Expectation propagation for Bayesian multi-task feature selection

  • Authors:
  • Daniel Hernández-Lobato;José Miguel Hernández-Lobato;Thibault Helleputte;Pierre Dupont

  • Affiliations:
  • ICTEAM institute, Université catholique de Louvain, Louvain-la-Neuve, Belgium;Computer Science Department, Universidad Autónoma de Madrid, Madrid, Spain;ICTEAM institute, Université catholique de Louvain, Louvain-la-Neuve, Belgium;ICTEAM institute, Université catholique de Louvain, Louvain-la-Neuve, Belgium

  • Venue:
  • ECML PKDD'10 Proceedings of the 2010 European conference on Machine learning and knowledge discovery in databases: Part I
  • Year:
  • 2010

Quantified Score

Hi-index 0.00

Visualization

Abstract

In this paper we propose a Bayesian model for multitask feature selection. This model is based on a generalized spike and slab sparse prior distribution that enforces the selection of a common subset of features across several tasks. Since exact Bayesian inference in this model is intractable, approximate inference is performed through expectation propagation (EP). EP approximates the posterior distribution of the model using a parametric probability distribution. This posterior approximation is particularly useful to identify relevant features for prediction.
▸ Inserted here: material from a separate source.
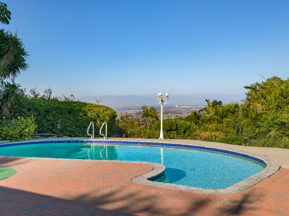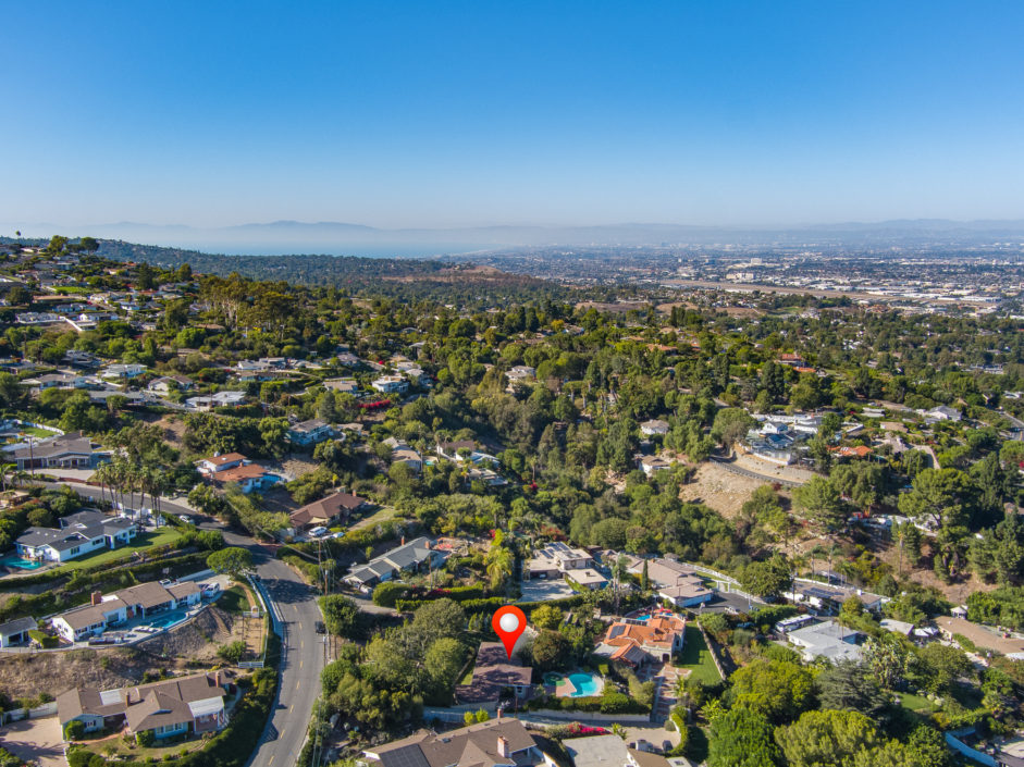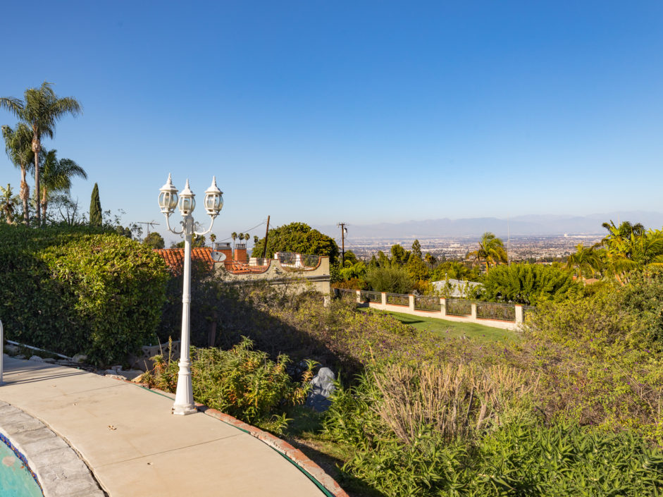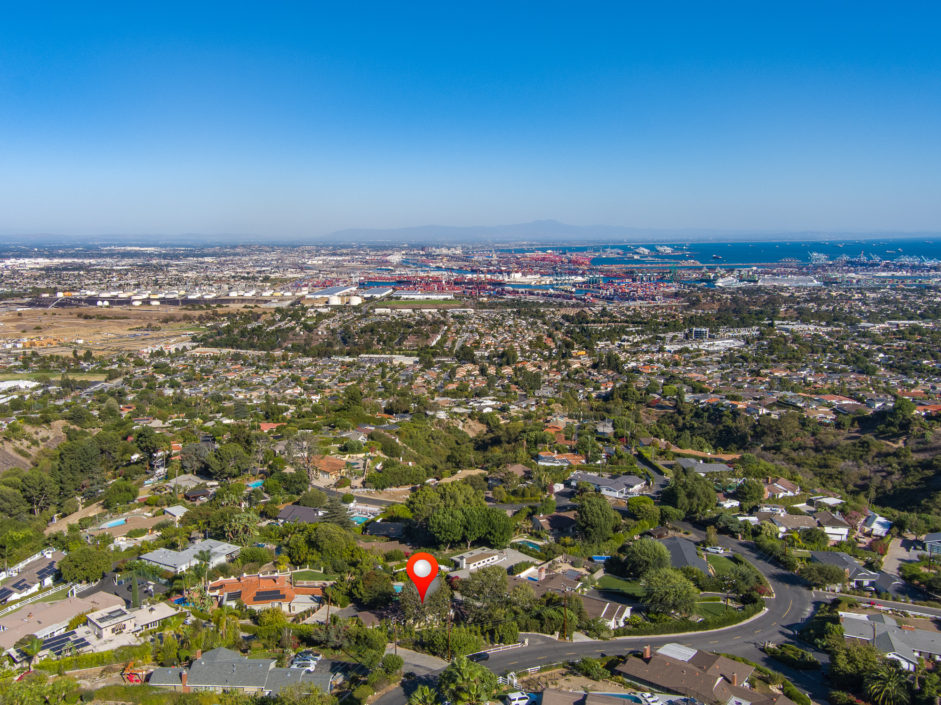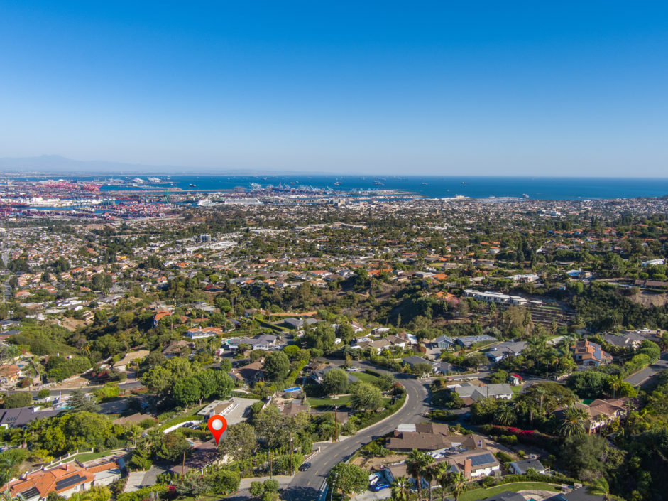 Gated Rancho Palos Verdes View Home. The sprawling driveway opens to amazing lush landscaping and a huge motor-court, allowing easy access and parking. The private setting is surrounded by mature trees and is anchored by a refreshing pool situated to take in the incredible views of ocean, city and harbor. Designer floors open to an inviting fireplace and family room. The newly remodeled kitchen enjoys quartz counters and stainless steel appliances including a Viking industrial stove and ventilation system, Sub Zero refrigerator, and is complimented by a bay window that showers the room with light. Additional features include separate laundry room, crown molding, two fireplaces, and access to the award wining Palos Verdes school system.

We focus on problems for which the number of features d is significantly larger than the number of instances for each task. We propose an efficient parametrization of the EP algorithm that offers a computational complexity linear in d. Experiments on several multitask datasets show that the proposed model outperforms baseline approaches for single-task learning or data pooling across all tasks, as well as two state-of-the-art multi-task learning approaches. Additional experiments confirm the stability of the proposed feature selection with respect to various sub-samplings of the training data.